But seeing Masaba Masaba fictionalise the moment, born out of Neena Gupta’s dissatisfaction with being passed over for roles, it becomes clear that it was nothing but an ask of dignity; an exercise in asking to be remembered. That to me, is the primary reason that Masaba Masaba works, even when it goes a little overboard with its millennial fixations (a bisexual stoner artist subplot is as dull as they come and Masaba’s new collection is literally made hashtag-friendly: #HotMess). Ultimately, it reveals itself as a show that is dedicated to being a record of the successes of women as much as the successful women themselves.

There’s also the fact that Masaba Gupta, in her debut as an actor, has incredible screen presence, livening up even the most cliched lines of dialogue and filmmaking decisions. The show opens with the breakdown of her marriage, one that is handed in such a fuss-free, empathetic manner that it almost came as a shock. It’s laudable how the writers stop themselves from diving into the details of the separation or even squarely blame it on anyone, highlighting instead the fact that sometimes it’s normal for even the most loving relationships to come to an end.

It’s even clever how Masaba Masaba uses Instagram as a device for emotional communication.

Neena Gupta is a queen

It’s even clever how Masaba Masaba uses Instagram as a device for emotional communication. In scene after scene, Masaba broadcasts her feelings to the world even before she allows herself the time to process it. There’s an especially bittersweet moment that captures how easy the internet has made it for the world to be nosy about the tragedy of strangers. On a car ride back home, Masaba and her husband jointly decide to break the news of their divorce on Instagram to bypass incessant questions and nagging suggestions. Masaba reluctantly agrees and cross checks the caption by him. He has one suggestion: Could she make it seem like they’re more sad about it?

But the biggest reason that the show, despite its storyline devolving into abject ridiculousness in the last two episodes, remains immensely watchable is because of Neena Gupta. Playing a possibly watered-down version of herself, the actress gives a performance that carries in it a lightness of touch as well as the incomparable high of watching someone casually make a meal out of improvisation.

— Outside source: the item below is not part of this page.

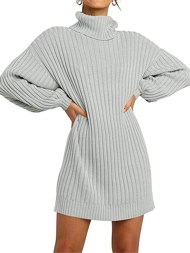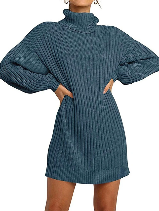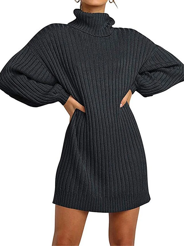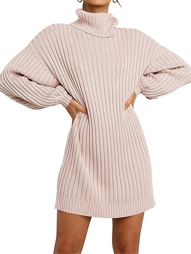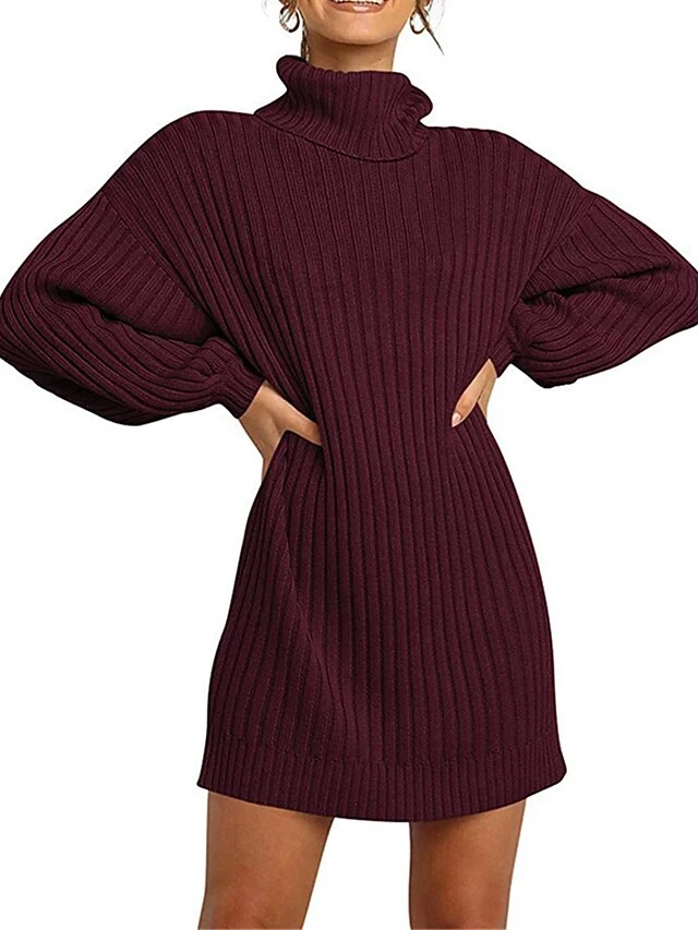 Women’s Sweater Dress Winter Dress Jumper Dress Mini Dress Patchwork Outdoor Street Daily Fashion Streetwear Turtleneck Long Sleeve 2023 Loose Fit Black Pink Wine Color S M L XL XXL Size

There’s no doubt about how effortlessly she can light up the screen with the subtlest of gestures, but Masaba Masaba truly unlocks her generousness as an actor. Some of her best scenes are the ones where she shrinks herself to allow her co-actor reach their fullest potential. Granted, it isn’t the most perfect show but when you have the distinction of having Neena Gupta star in a music video where she admonishes millennials for calling her “aunty,” you can’t be much far from it.